• WORK TO COMPLETE
Write down the listing again exactly as it appears below, without its pictures.
(DATA BLOCK)
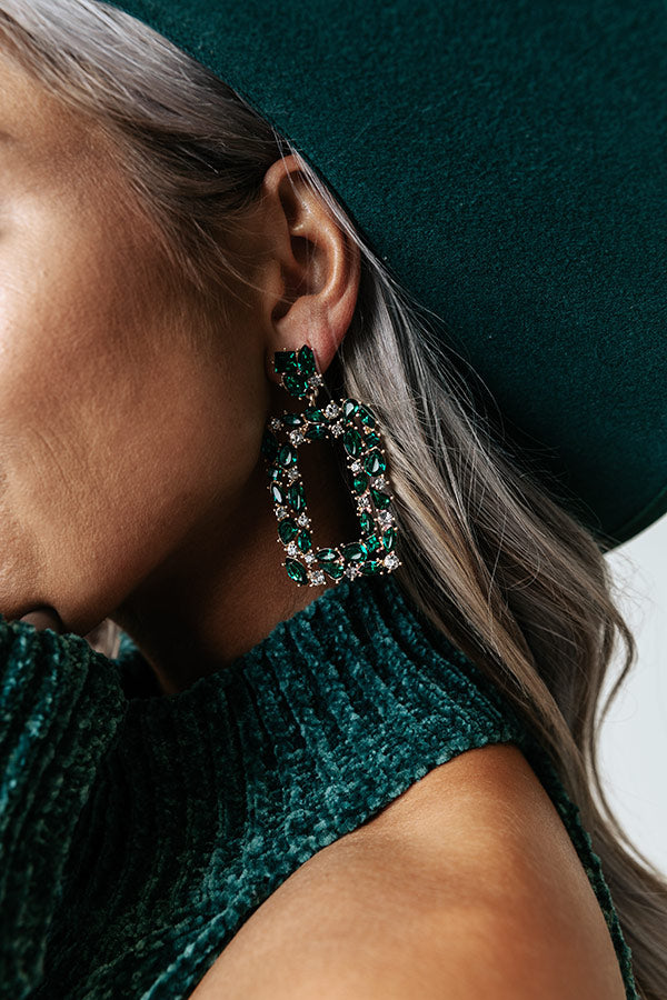 You will be prepared to party when you accessorize with these gorgeous statement earrings featuring emerald studs with dangling emerald and rhinestone rectangular hoops!
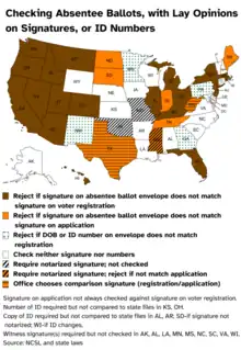 - ↑ "Verification of Absentee Ballots". www.ncsl.org. Retrieved July 2, 2020.
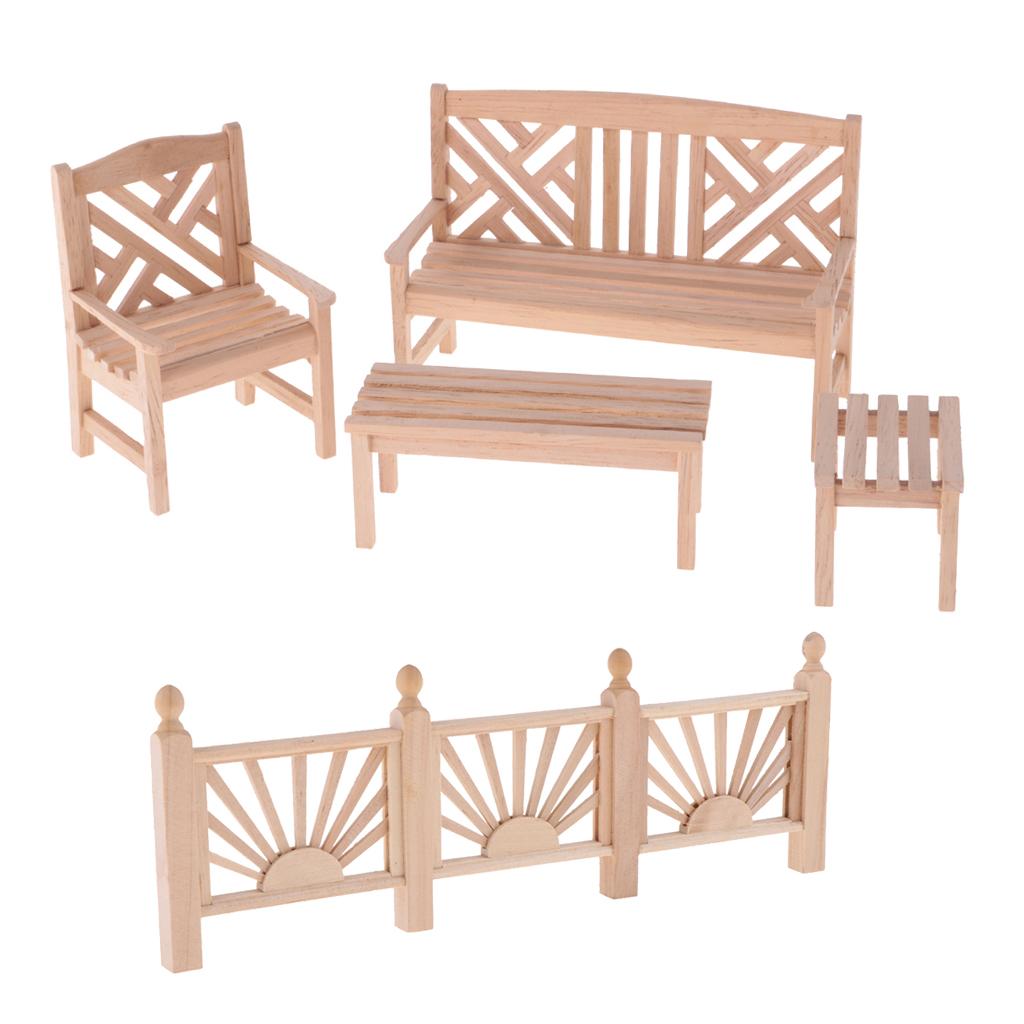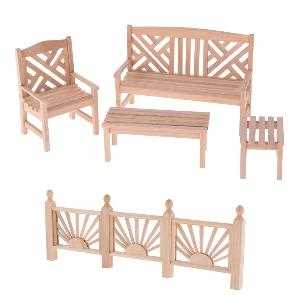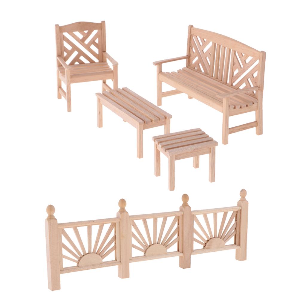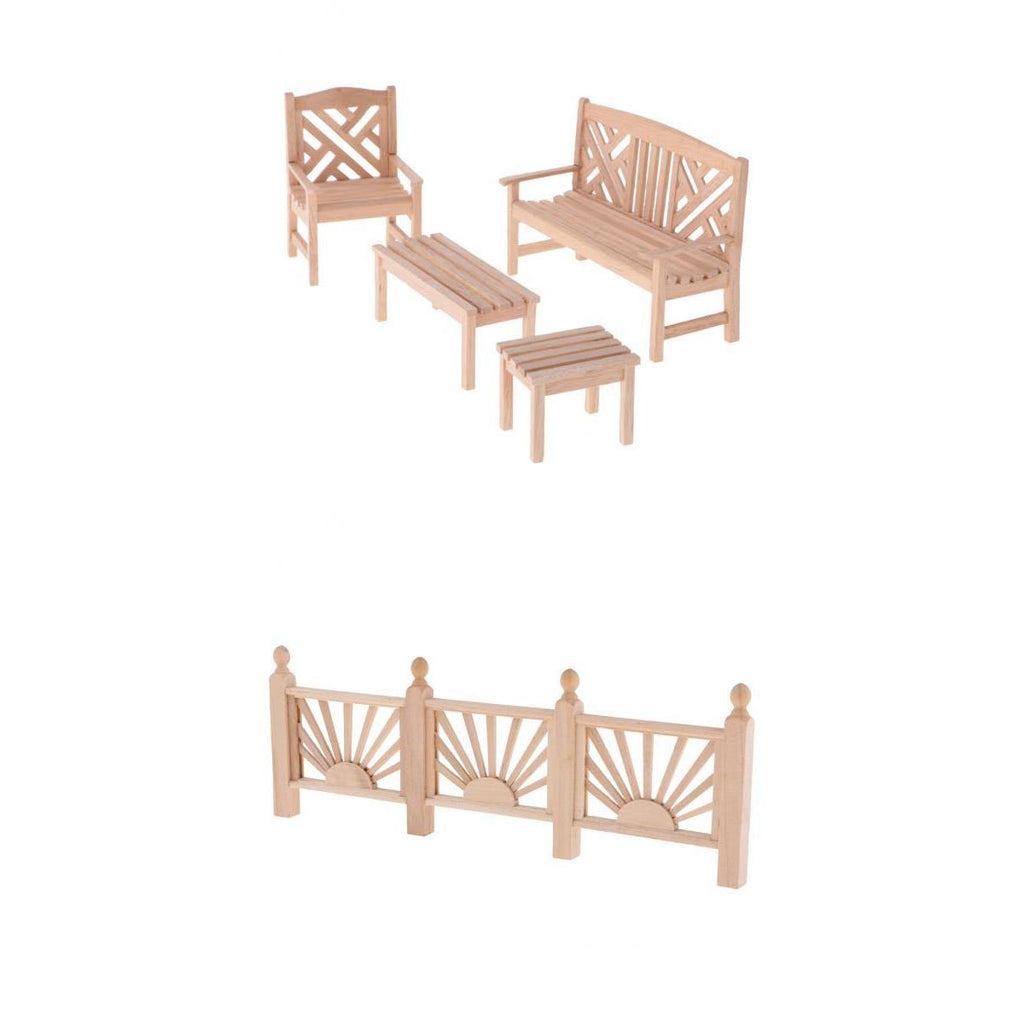 1/12 Scale Miniature Wood Rail Fence/Barrier & End Table Bench Chair Set Unpainted Furniture for Dollhouse Room Accessories Garden Decor
(End DATA BLOCK)
• SOLUTION FOR THIS PROBLEM
 You will be prepared to party when you accessorize with these gorgeous statement earrings featuring emerald studs with dangling emerald and rhinestone rectangular hoops!
 - ↑ "Verification of Absentee Ballots". www.ncsl.org. Retrieved July 2, 2020.
 1/12 Scale Miniature Wood Rail Fence/Barrier & End Table Bench Chair Set Unpainted Furniture for Dollhouse Room Accessories Garden Decor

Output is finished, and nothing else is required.